Razel was getting worse.


“At 11 p.m. March 27, my wife sent a text that the doctors told her they would put her to sleep and put her on a breathing machine,” he said.

“She’s a strong fighter,” he said. “I told them to do whatever you’ve got to do to save her. … I would call the hospital three, four times a day. The doctors and nurses were phenomenal. They turned into counselors and explained everything to me on the phone.”

The worst part, Michael said, was being prohibited from visiting because of pandemic restrictions banning all visitors.
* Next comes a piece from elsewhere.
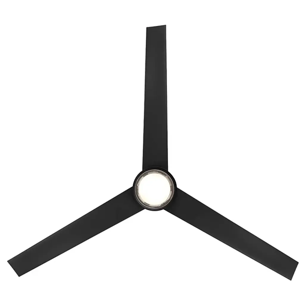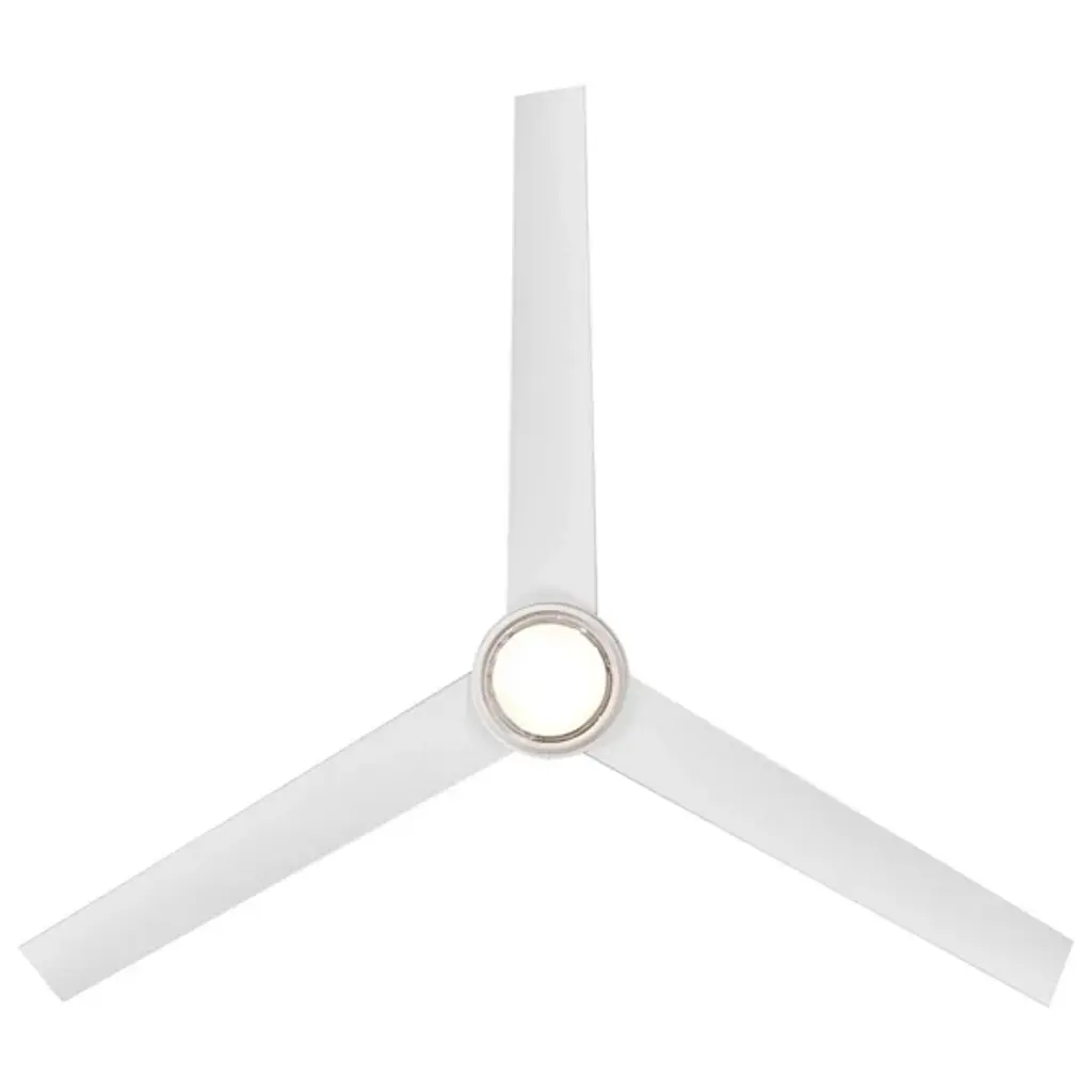 The Bolo Indoor/Outdoor Smart LED Ceiling Fan from Modern Forms features a contemporary design inspired by sleek jet aircraft, with a slim, aerodynamic three-blade configuration and compact motor housing accented by a subtle ring detail. A dimmable CCT LED light offers versatile illumination, with a matching cover included for a streamlined look. Powered by a quiet, energy-efficient DC motor, Bolo pairs effortlessly with smart home systems through the Modern Forms app, allowing seamless voice control via Google Home, Amazon Alexa, and Samsung SmartThings.

“My wife was in ICU on the ventilator and I can’t be with her,” Michael said. “It’s a feeling nobody should ever have to go through. When loved ones are sick, you want to be right there holding their hand. Just not knowing what’s going on… Trying to explain to my daughter…

“I started asking friends and family to pray. She had tens of thousands of people praying for her around the world.

“She had very vivid dreams. She would explain who she saw in these dreams. It was the people who were praying for her the hardest,” he said.

Ten days later, Razel was brought out of the coma. She stayed in the intensive care unit an additional four days.

“Another five or six days after they woke her up, I was able to FaceTime her for the first time,” Michael said.

She was discharged April 17.

By the time it was over, Razel had lost 12 to 13 pounds and Michael was down 10 to 12 pounds. But they had survived.

“Before she was on the ventilator, we would look at each other and say, ‘I can’t breathe. I don’t know how we’re going to get through this.’ We didn’t know if we were going to live.”


Neither Michael’s father nor the Klemms’ daughter have picked up the virus. The couple tried to self-isolate as much as possible when they were home, staying on separate floors of the house. But it’s difficult to keep an 8-year-old girl away from Mommy and Daddy.

“We think she possibly had this first and has the antibody,” Michael said. “There’s no other way to explain why she did not come down with it. She had pneumonia and strep throat in mid-February.”

Whether that’s the case, or whether he picked up the virus at work, and whether it was random contact anywhere outside their home, the Klemms say they remain grateful that the nightmare is over.

“When it’s safe, we want to meet the team of doctors who worked on her. We can’t wait to thank the doctors and nurses at Trumbull Regional Medical Center,” he said.

“One of the biggest things this has taught us is that we don’t worry about the little things in life. This shows you how precious life is.

“We learned to let the little things go.”